▶ [What to work on]:
Only the lines from the top of the listing below to the line that has "مجموعة طاولات مستديرة" should be echoed, with both ends kept and pictures left out.

▶ [Provided data]:
########################################

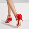Kristal Kraliçe Kadın Sandaletler Kırmızı Gül Çiçeği Çapraz Bağlı Yüksek Topuklu Açık Burunlu Yaz Topukluları Bayan Elbise Seksi Ayakkabılar
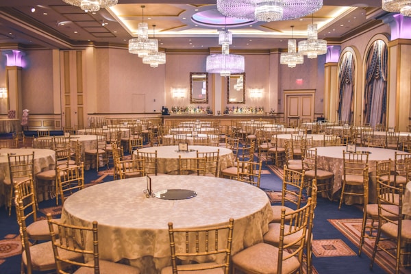 مجموعة طاولات مستديرة + كراسي مبطنة تكفي 50 شخص. مع أغطية....
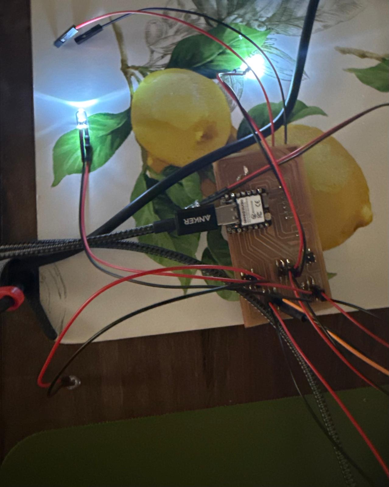 First, I tested all the LEDs on my PCB from Week 10, and only some of them work. See Week 10 for a detailed explanation. I have a new board design, but I still need to fabricate it. Next, ChatGPT took my initial test code and added functionality to hold the LED on (High) for a certain amount of time. While the LED is high, I want the NeoPixel to light up one at a time until the time ends. There are 8 NeoPixel cells in total. After the time ends, I want all the NeoPixels to turn red and gradually dim (like a light bar) for a set rest period. See the full conversation here . Surprisingly, it worked (neopixels not tested).
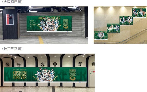 阪神電車の大阪梅田駅、神戸三宮駅にも第95回記念選抜高等学校野球大会期間中を中心に、阪神甲子園球場100周年キービジュアルなどが登場します。

########################################

▶ [Answer]:
Kristal Kraliçe Kadın Sandaletler Kırmızı Gül Çiçeği Çapraz Bağlı Yüksek Topuklu Açık Burunlu Yaz Topukluları Bayan Elbise Seksi Ayakkabılar
 مجموعة طاولات مستديرة + كراسي مبطنة تكفي 50 شخص. مع أغطية....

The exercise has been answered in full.